Towns like Easton are presented with the retailing idea du jour, sure to become the next big thing. Yours is a heavy responsibility: to keep the fabric of our community in tact in a generational sense, and not just to follow the pied piper of development trends, which were never so capricious as they are today in the retail sector.

A newly arrived retailer with a name and an idea is hardly bedrock. A “deal” with a 10 or 20 year lease sounds like something, but its an eye-blink compared to the permanent impact the resulting land use decision will have on the community, from the details of traffic patterns to the broadest sense of character of Easton and Talbot County. And sudden closures driven by market-side corporate-level tumult rather than specific lease term are all too common. This affects not just small stores like Radio Shack and Chico’s; recent headlines regarding store closings also involve Kohl’s, Target, Staples, and others—Penny’s not to be overlooked.

Adaptive re-use and redevelopment of sites already built upon will be the next strategic challenge for the Town of Easton–that’s where the Council should turn its attention, before, not after, a veritable crisis.

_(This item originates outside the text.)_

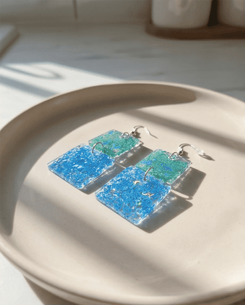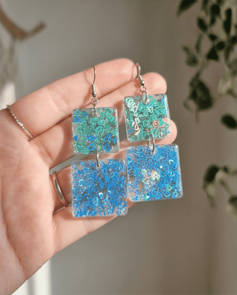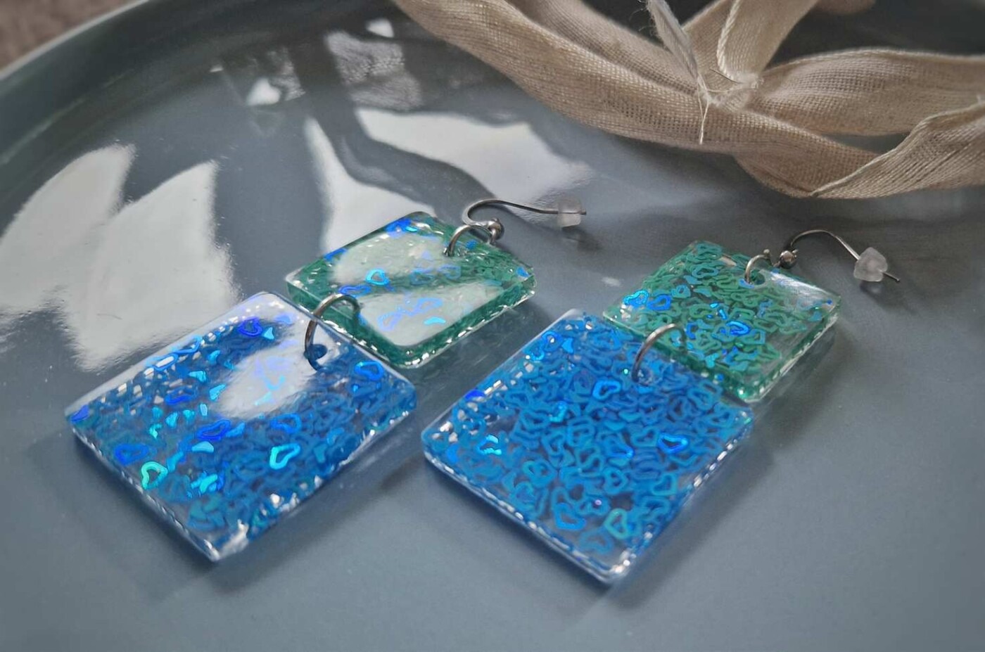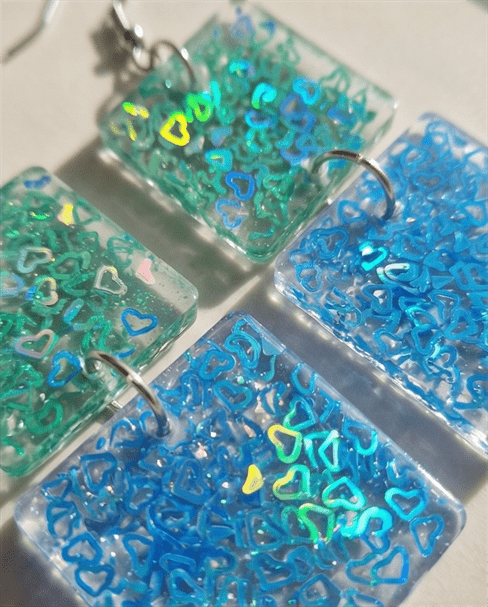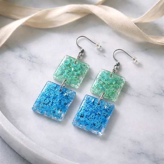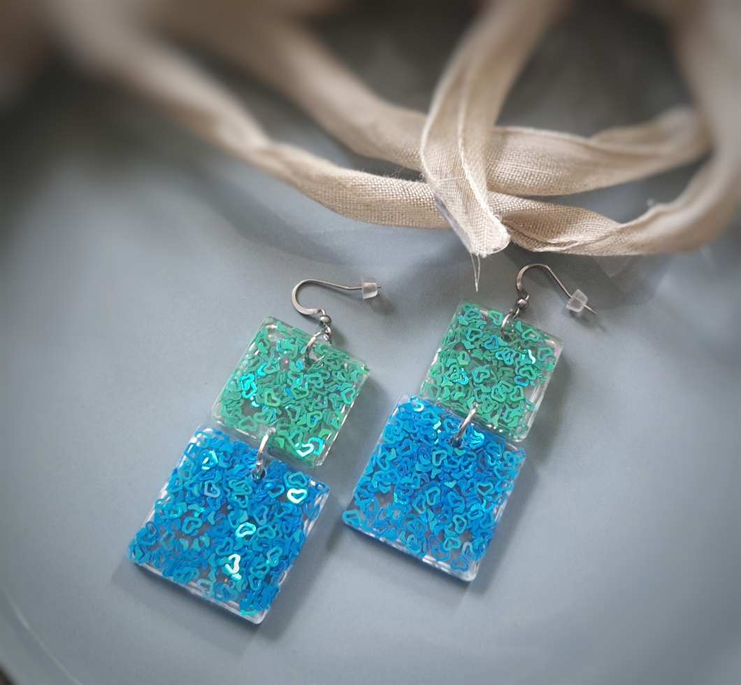 - In den transparenten viereckigen-Anhängern wurden glitzernde meergrüne und türkise Herzchen-Pailletten gegossen, die je nach Lichteinfall strahlend leuchten, Akzente setzen und diese Statementohrringe zu individuellen Begleitern machen. Echte handgefertigte Kunstohrringe / Unikatschmuck. Die Ohrhaken bestehen aus nickelfreiem Edelstahl.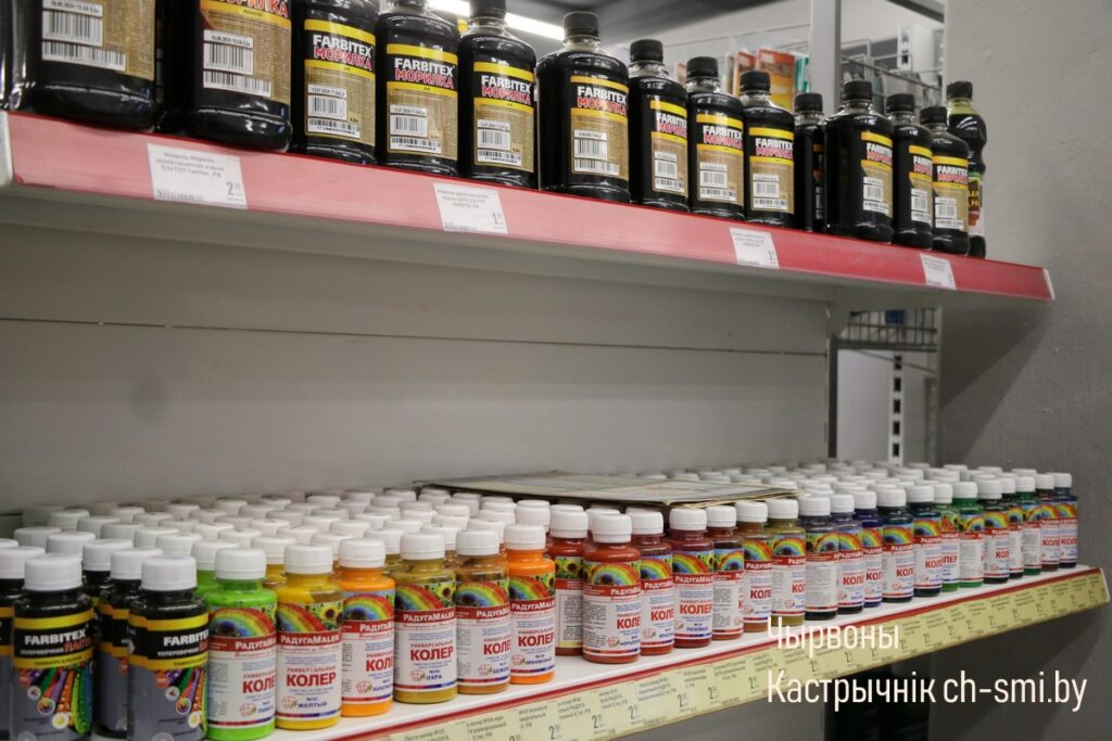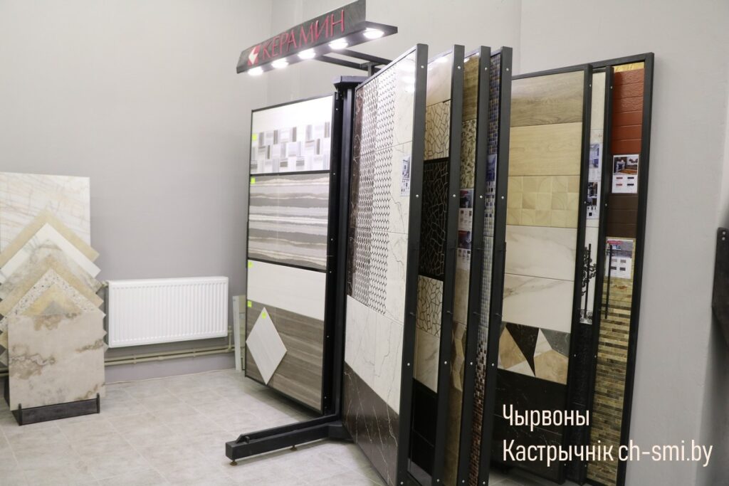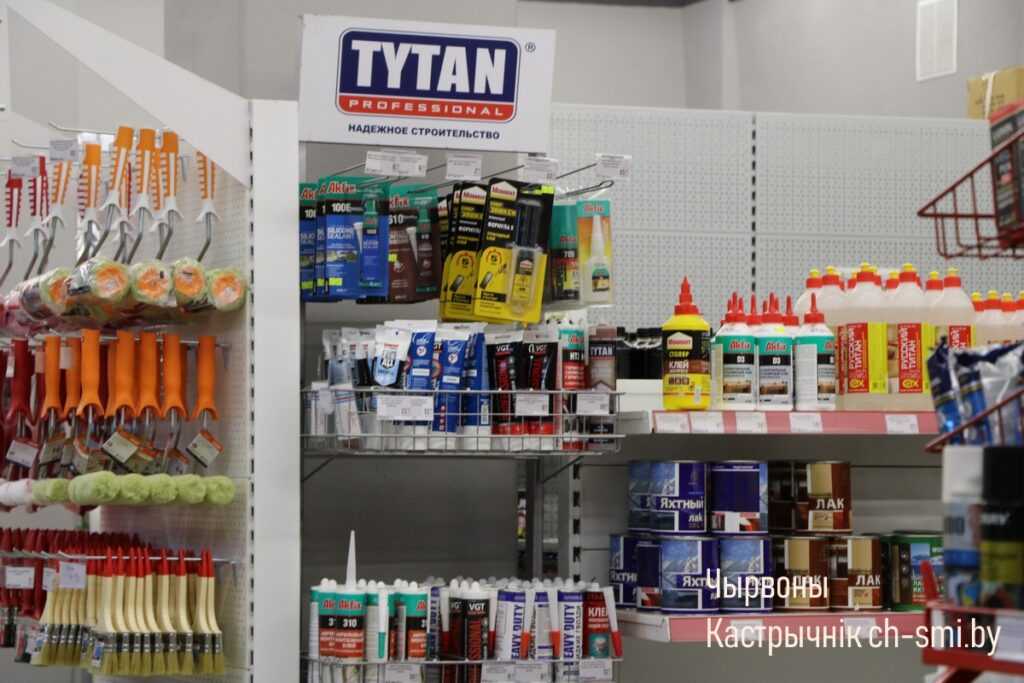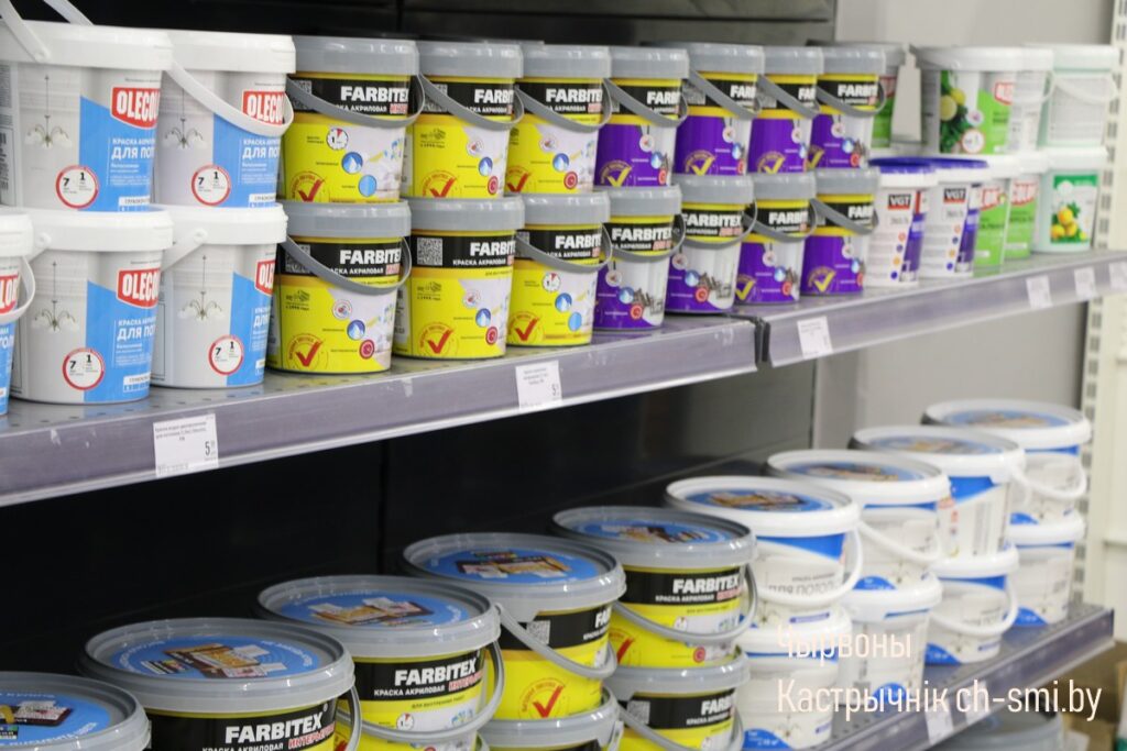 Товары в магазине располагаются на двух этажах. Так, на первом –можно приобрести лакокрасочные материалы, сухие смеси, сантехнику, керамическую плитку, ручной и электроинструмент, на втором – двери, напольные покрытия, обои, электрику,карнизы, рулонные шторы, различный строительный материал.

The revolutionary tumult in today’s retail world (mostly driven by technology) means the benefits of any new scheme may be especially transitory, while the community impact is as permanent as ever. I urge that you not further change the Waterside Village PUD, which reflects community-driven land use principles, just to accommodate a particular retailer as it experiments with yet another retail idea of the moment.


Letters to Editor

  1. Willard T Engelskirchen says:

    Sometimes the wisest decision is to pause and wait for the dust to settle. When we consider retail development, this might be especially true.

  2. Rem SIMPSON says:

    I agree with Dan’s well written take on the subject.

  3. Hugh Beebe says:

    Dan’s piece is a clear and well informed statement of a problem right at the center of the Eastern Shore’s future.
    His effort to document access to current information about big box retailing in contrast to the leveraged benefits of local small shops is wonderful.